__Supplied information__.
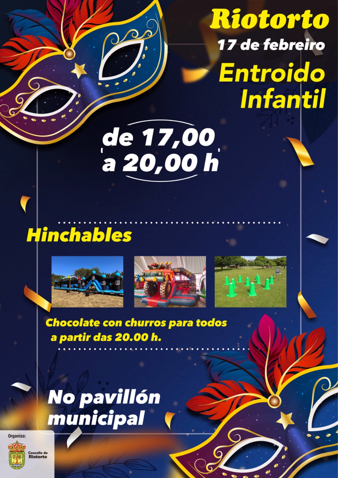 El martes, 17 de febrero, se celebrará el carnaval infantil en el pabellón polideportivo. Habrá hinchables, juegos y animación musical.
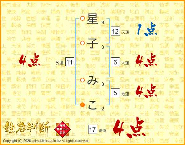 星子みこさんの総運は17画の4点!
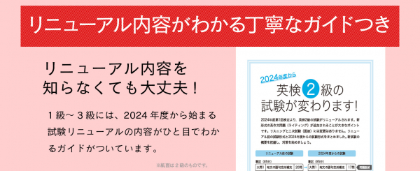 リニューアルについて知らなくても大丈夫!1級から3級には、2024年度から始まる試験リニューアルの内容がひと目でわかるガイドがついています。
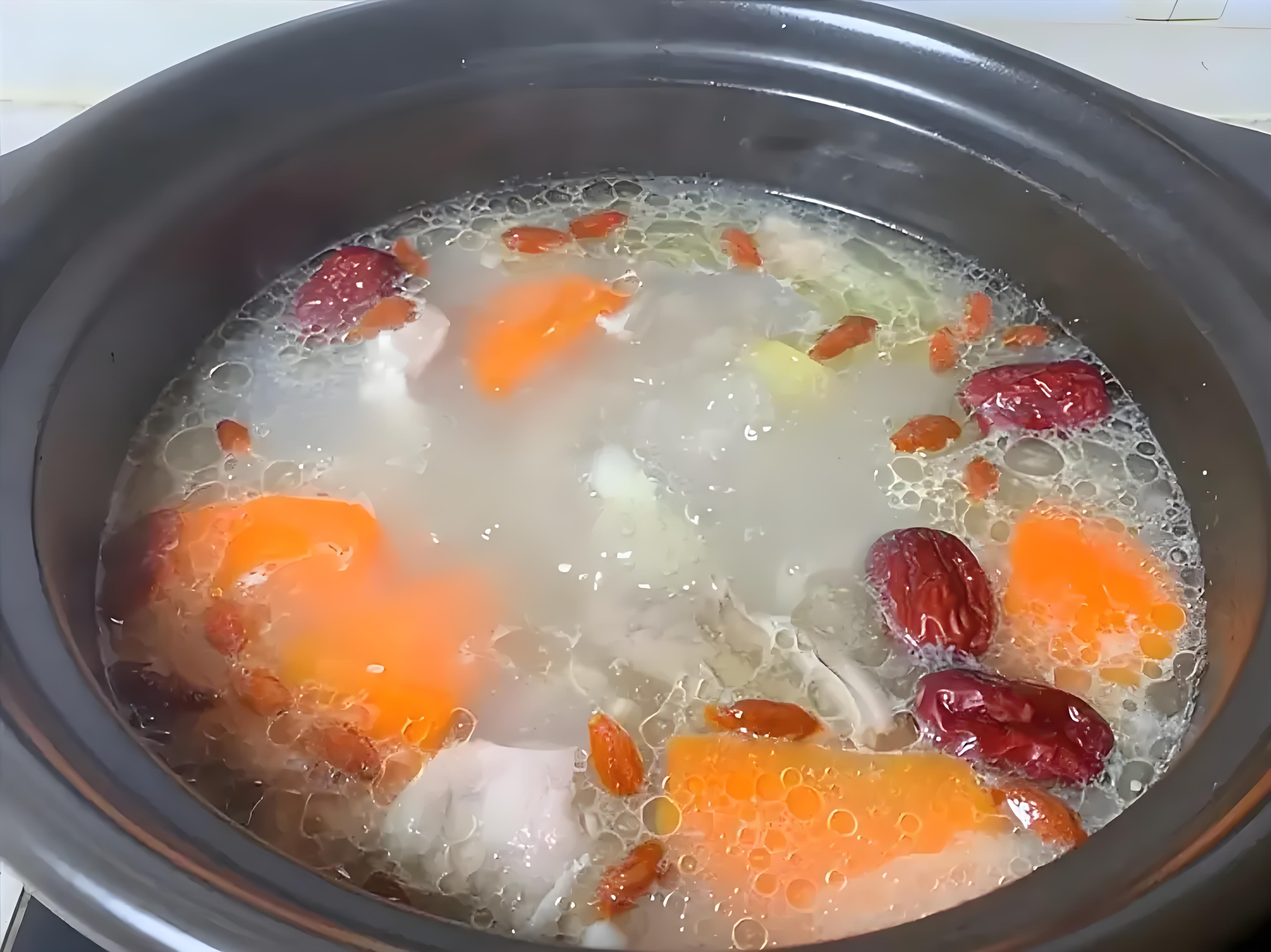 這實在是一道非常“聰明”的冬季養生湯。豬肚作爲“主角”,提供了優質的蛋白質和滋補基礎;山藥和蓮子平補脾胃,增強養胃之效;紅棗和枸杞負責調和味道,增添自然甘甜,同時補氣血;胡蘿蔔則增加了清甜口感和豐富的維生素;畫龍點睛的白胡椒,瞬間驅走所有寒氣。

...

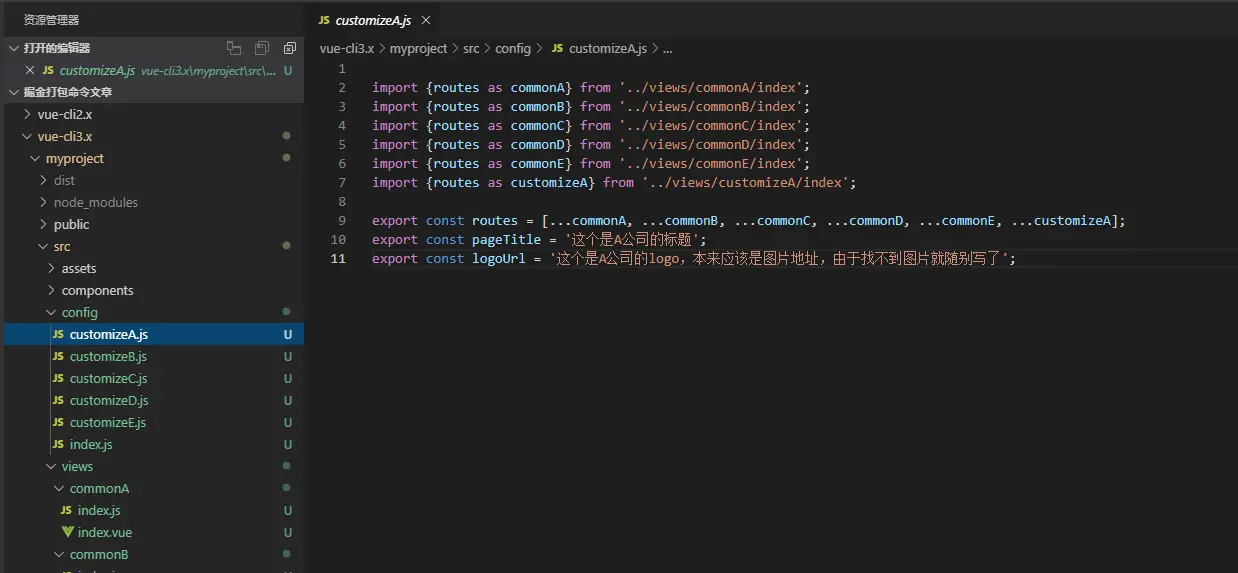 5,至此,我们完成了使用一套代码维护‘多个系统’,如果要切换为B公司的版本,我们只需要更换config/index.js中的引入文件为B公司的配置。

* * *

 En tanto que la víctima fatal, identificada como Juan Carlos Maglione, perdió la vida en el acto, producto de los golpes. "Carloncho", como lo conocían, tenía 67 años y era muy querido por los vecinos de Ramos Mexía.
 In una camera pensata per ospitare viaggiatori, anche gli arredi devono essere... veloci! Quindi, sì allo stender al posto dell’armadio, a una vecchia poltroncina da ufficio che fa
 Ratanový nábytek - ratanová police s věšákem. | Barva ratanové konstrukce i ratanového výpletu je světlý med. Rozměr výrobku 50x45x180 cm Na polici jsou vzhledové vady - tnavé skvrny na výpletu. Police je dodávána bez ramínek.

__Problem to solve__.
Begin at the line in the entries above that has "El martes, 17", stop after the line that has "リニューアルについて知らなく", and output exactly those lines without pictures.

__Written answer__.
 El martes, 17 de febrero, se celebrará el carnaval infantil en el pabellón polideportivo. Habrá hinchables, juegos y animación musical.
 星子みこさんの総運は17画の4点!
 リニューアルについて知らなくても大丈夫!1級から3級には、2024年度から始まる試験リニューアルの内容がひと目でわかるガイドがついています。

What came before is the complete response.